[Editor’s Note: I’ve been reading Francine Prose’s Reading like a Writer recently. The subtitle of the book, A guide for people who love books and those who want to write them, gives an indication about why it’s not a book one can read cover to cover without a break. After reading a few chapters, one begins to feel that perhaps Francine Prose has read every notable book ever written, perhaps multiple times. Several amazing excerpts in her collection and I bring you the second – a paragraph from Philip Roth’s American Pastoral.]

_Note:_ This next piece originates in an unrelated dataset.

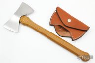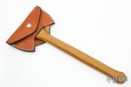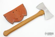 Very attractive belt axe with a hickory handle. Head is hand forged by traditional blacksmith methods. Satin finished double edged blade. Edges are 3" long. Comes with leather sheath with belt loop. One edge is for chopping and one edge for cutting. Has a few light scratches, otherwise excellent condition.

The old intergenerational give-and-take of the country-that-used-to-be, when everyone knew his role and took the rules dead seriously, the acculturating back-and-forth that all of us here grew up with, the ritual postimmigrant struggle for success turning pathological in, of all places, the gentleman farmer’s castle of our superordinary Swede. A guy stacked like a deck of cards for things to unfold entirely differently. In no way prepared for what is going to hit him. How could he, with all his carefully calibrated goodness, have known that the stakes of living obediently were so high? Obedience is embraced to lower the stakes. A beautiful wife. A beautiful house. Runs his business like a charm…. This is how successful people live. They’re good citizens. They feel lucky. They feel grateful. God is smiling down on them. There are problems, they adjust. And then everything changes and it becomes impossible. Nothing is smiling down on anybody. And who can adjust then? Here is someone not set up for life’s working out poorly, let alone for the impossible. But who is set up for the impossible that is going to happen? Who is set up for tragedy and the incomprehensibility of suffering? Nobody. The tragedy of the man not set up for tragedy – that is every man’s tragedy.